Rhythm Racketeer is a 1937 British musical film directed by James Seymour and starring Harry Roy, Princess Pearl and James Carew. It was written by Jack Byrd, Betty Laidlaw, Robert Lively and James Seymour, and made at Rock Studios, Elstree, by the independent producer Joe Rock.

==Cast==
- Harry Roy as Harry Grant and Napoleon Connors
- Princess Pearl as Karen Vosper
- James Carew as Clinton Vosper
- Norma Varden as Della Nash
- Johnny Hines as Nifty
- Johnnie Schofield as Spike
- Judith Wood as Lola
- Georgie Harris as The Rat
- Syd Crossley as minor role
- George Merritt as Inspector Hunt
- Charles Paton as assistant in chemist shop
- James Pirrie as Bugs Cole
- Pamela Randall as minor role
- Terry-Thomas as extra

==Reception==
The Daily Film Renter wrote: "Stilted treatment and banal plot against London, New York and liner backgrounds, with song and spectacle sequences. Personality show from star in typical numbers, but acting otherwise patchy and direction slipshod. Comedy material and dialogue childish, but general effect makes fair popular subject on melody angles and stellar pull."

Kine Weekly wrote: "Harry Roy frequently drops the baton, to essay a dual role, but finds the responsibility beyond his compass. The story, too, is weak, nor is the Anglo-American atmosphere convincing. The tunes and lavish technical trimmings are really the high spots of the production.
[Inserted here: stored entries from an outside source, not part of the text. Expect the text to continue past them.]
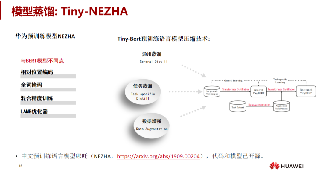 第二块就是我们的蒸馏技术 Tiny-BERT,会在两个地方都做蒸馏,一个是在预训练中的通用蒸馏,通用蒸馏即在训练里面也可以做蒸馏。第二个就是在任务相关的其实也可以做蒸馏,也做了一些数据增强的工作,中文系列模型 NEZHA 的话已经也开源了,代码和模型可以公开下载。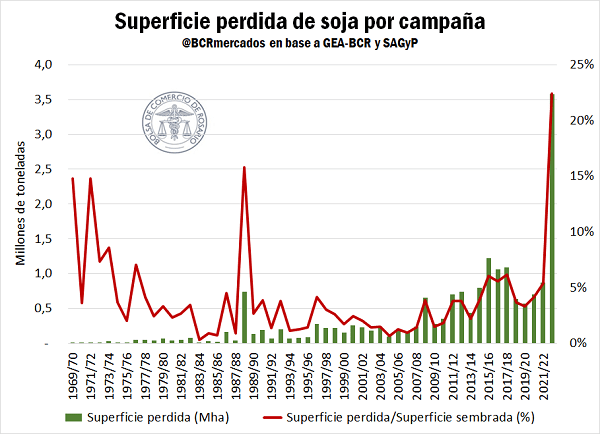 Pero la campaña que acaba de comenzar deja otros varios hitos negativos desde el punto de vista productivo. Según informa GEA, la superficie perdida (es decir, el área que directamente no será cosechada) alcanza la friolera suma de 3,58 Mha. Esto marca un máximo histórico para el país y prácticamente triplica el máximo anterior de la 2015/16 (1,22 Mha). Incluso, hay que remarcar que, en aquel entonces, la superficie sembrada a nivel nacional superaba las 20 Mha, mientras que en este último ciclo el área implantada alcanzó cerca de 16 Mha, por lo que la superficie perdida sobre el total implantado en este último ciclo es mucho mayor: 22% vs. 6% en aquel entonces. Tomando este indicador, es decir superficie perdida sobre superficie sembrada, la 2022/23 también marca un máximo histórico, quedando por encima del 16% de la 1988/89.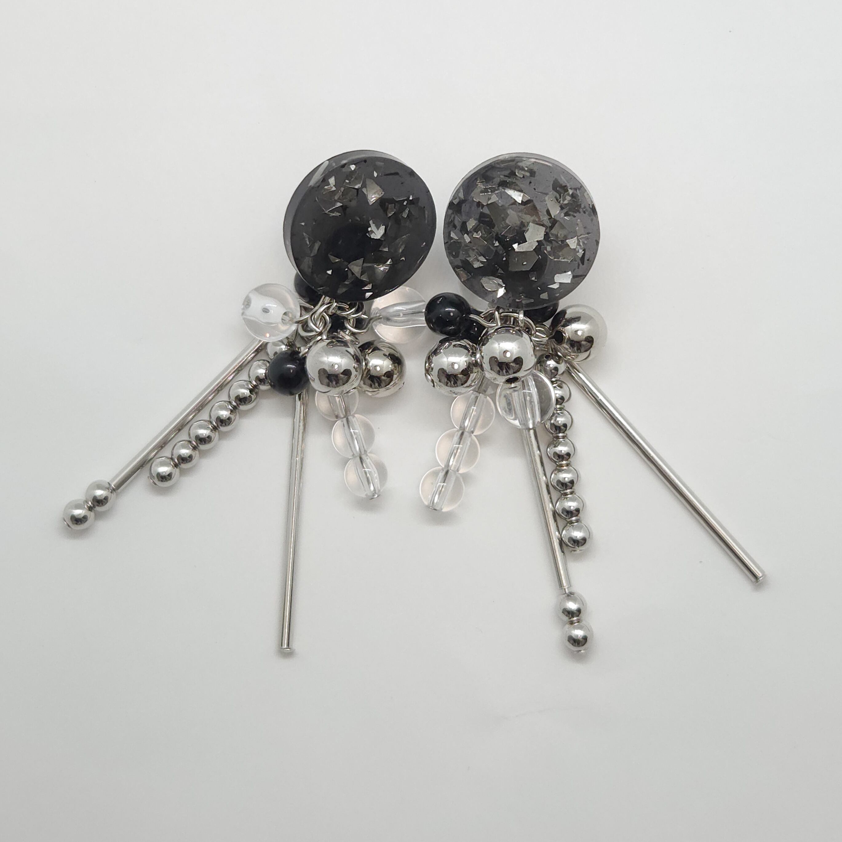「バブル」のようにあしらったミックスビーズが華やかさを添えるイヤリング。lifple,で人気のデザインです。モノトーンなカラーでさまざまなコーデにマッチします。

Moderate light booking, mainly on star potentialities, for industrial and provincial halls."

Picturegoer wrote: "Dance band interludes punctuate this gangster comedy-drama, which, in trying to emulate American pictures of the same type, falls down and fails to register at all effectively. Harry Roy lacks the experience to put over the dual role of Napoleon, American gangster on a visit to London, and Harry, a dance-band leader. Princess Pearl is quite good as the heroine whom Harry protects from rival gangsters. The music is the best part of the production."